While AHRQ has published subsequent SETMA Innovations on their Innovation Exchange, i.e., SETMA’s LESS Initiative (Lose Weight, Exercise, Stop Smoking), our most fundamental innovation occurred less than four months after we began using the electronic health record (HER) in January, 1999.  It was through the recognition that EHR was too hard and too expense, if all we gained from EHR was the ability to document a patient encounter electronically.  If we could not leverage the power of electronics to improve the care of individuals and of populations, we judged, then it was not worth it.  That realization led us to develop the following principles which have guided Southeast Texas Medical Associates’ development of a data base which supports the requirements of transformation.  These principles were presented at HIMSS 2006 (see at Spanning the Specialties to Bring You the Best Standards).

Those principles are:

  1. Pursue Electronic Patient Management rather than Electronic Patient Records
  2. Bring to bear upon every patient encounter what is known rather than what a particular provider knows.
  3. Make it easier to do it right than not to do it at all.
  4. Continually challenge providers to improve their performance.
  5. Infuse new knowledge and decision-making tools throughout an organization instantly.
  6. Establish and promote continuity of care with patient education, information and plans of care.
  7. Enlist patients as partners and collaborators in their own health improvement.
  8. Evaluate the care of patients and populations of patients longitudinally.
  9. Audit provider performance based on the Consortium for Physician Performance Improvement Data Sets.
  10. Create multiple disease-management tools which are integrated in an intuitive and interchangeable fashion giving patients the benefit of expert knowledge about specific conditions while they get the benefit of a global approach to their total health.
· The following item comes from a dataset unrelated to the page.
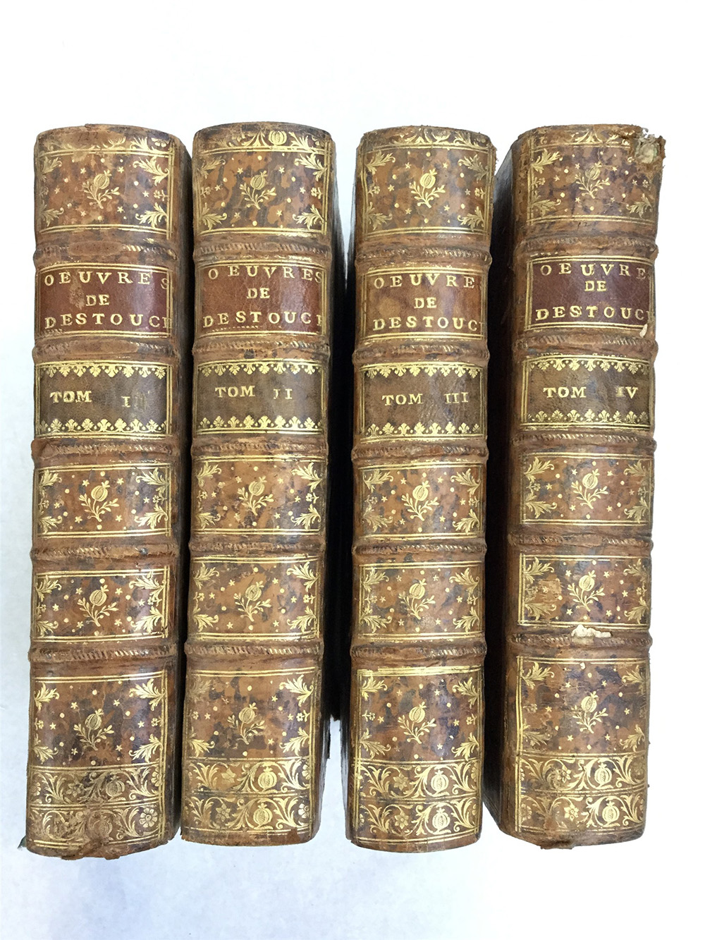 NERICAULT DESTOUCHES. Oeuvres dramatiques. Parigi: Impremerie Royale, 1757. 4 voll. in 4to. Legatura in pelle coeva, dorsi in oro, tagli rossi.

It would be seven years before we realized that these principles incorporate many of the ideals of patient-centered medical home.  It was the pursuit of these principles which prepared SETMA to become a Tier III NCQA Patient-Centered Medical Home and a AAAHC accredited medical home.

These principles were the foundation of many little innovations which collectively have enabled SETMA to address the larger issue of reducing preventable re-hospitalizations.  The following are some of those lesser steps:

  1. Connection of SETMA’s EHR to the clinic, hospital, nursing home, hospice, etc, so that all patient documentation is completed in the same data base.
  2. Completion of Admission History and Physical Examinations in SETMA’s EHR.
  3. Completion of Hospital Discharge Summaries in SETMA’s EHR. 
  4. Design and preparation of a patient-care follow-up document which includes a reconciled medical list.
  5. Changing of the name of the “discharge summary” to “Hospital Care Summary and Post Hospital Plan of Care and Treatment Plan.”  This is a longer name but it is highly functional defining why it is imperative for the Summary to be prepared and given to the patient at the time of leaving the hospital. (Over the past 36 months, we have discharge over 14,000 patients from the hospital and 98.7% of the time this document has been given to the patient before they leave the hospital.
  6. Care Coordination and Care Coaching of all patients discharged from the hospital.
  7. Compliance with Physician Consortium for Performance Improve Care Transitions Data Set
  8. Calculation of risk of re-hospitalization electronic through an algorithm
  9. Completion of a Hospital Admission Plan of Care and Treatment Plan which is given to the patient upon admission
  10. Contrasting patients re-admitted and those who are not through adaptation of Business Intelligence software package to analyze morbidities and co-morbidities, age, gender, ethnicity, socio-economic status, etc. to find leverage points for reducing re-admissions.
  11. Design of a ten-step program for those who are at high-risk of readmission.

It would be useful for our task, I think, for the HIMSS committee to determine which of these steps, if any, are innovations and which are simply improvements.” 

As the work of the HIMSS Innovation Committee grows work groups will be organized to fulfill the charge given to committee and to contribute to HIMSS’ mission.